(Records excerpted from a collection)
= Beginning of Section =

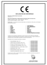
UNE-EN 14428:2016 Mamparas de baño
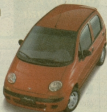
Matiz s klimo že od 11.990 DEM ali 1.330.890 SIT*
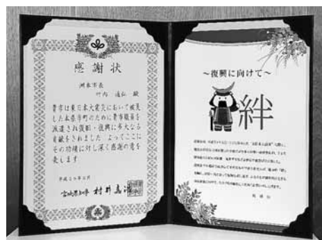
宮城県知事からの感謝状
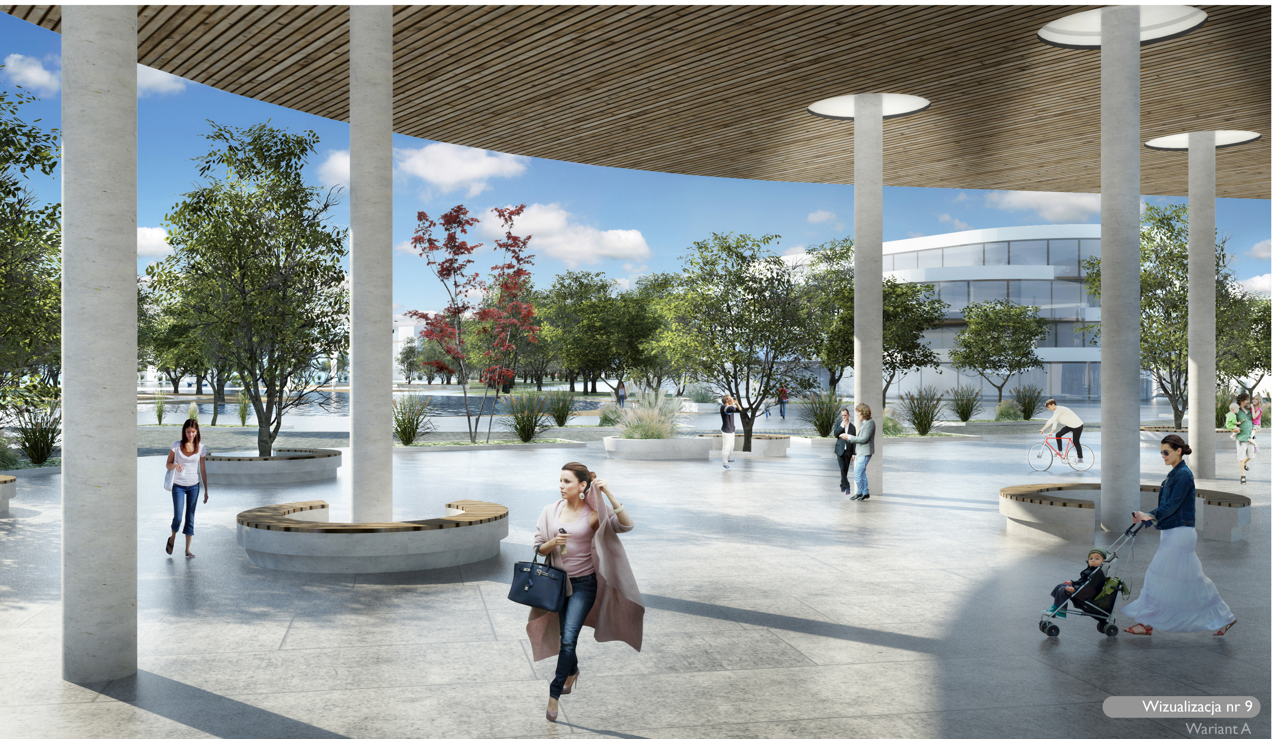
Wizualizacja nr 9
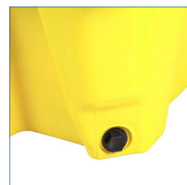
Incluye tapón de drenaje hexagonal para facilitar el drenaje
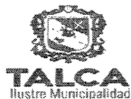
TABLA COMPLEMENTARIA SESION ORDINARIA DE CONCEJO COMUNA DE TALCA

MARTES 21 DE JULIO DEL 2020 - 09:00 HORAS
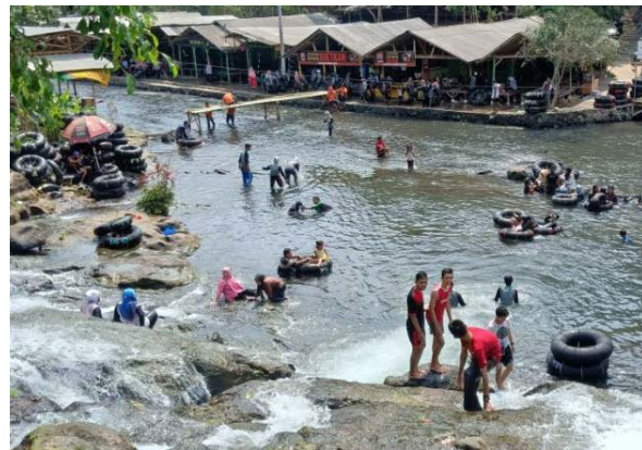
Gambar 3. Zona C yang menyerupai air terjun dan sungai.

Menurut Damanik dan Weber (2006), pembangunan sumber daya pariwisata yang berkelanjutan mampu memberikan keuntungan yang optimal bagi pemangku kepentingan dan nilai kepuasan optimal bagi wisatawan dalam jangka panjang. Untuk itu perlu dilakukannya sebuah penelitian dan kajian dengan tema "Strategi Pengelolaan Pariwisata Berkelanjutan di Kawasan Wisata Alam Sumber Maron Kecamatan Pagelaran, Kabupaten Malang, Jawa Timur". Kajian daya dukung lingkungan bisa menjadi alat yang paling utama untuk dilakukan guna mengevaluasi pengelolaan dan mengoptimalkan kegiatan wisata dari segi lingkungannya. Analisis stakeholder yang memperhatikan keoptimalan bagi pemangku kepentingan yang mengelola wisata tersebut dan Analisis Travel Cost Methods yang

= End of Section =

*Activity:*
Tally, across the records, each line that contains the word "yang", and answer with nothing except the count.

*Solved problem:*
2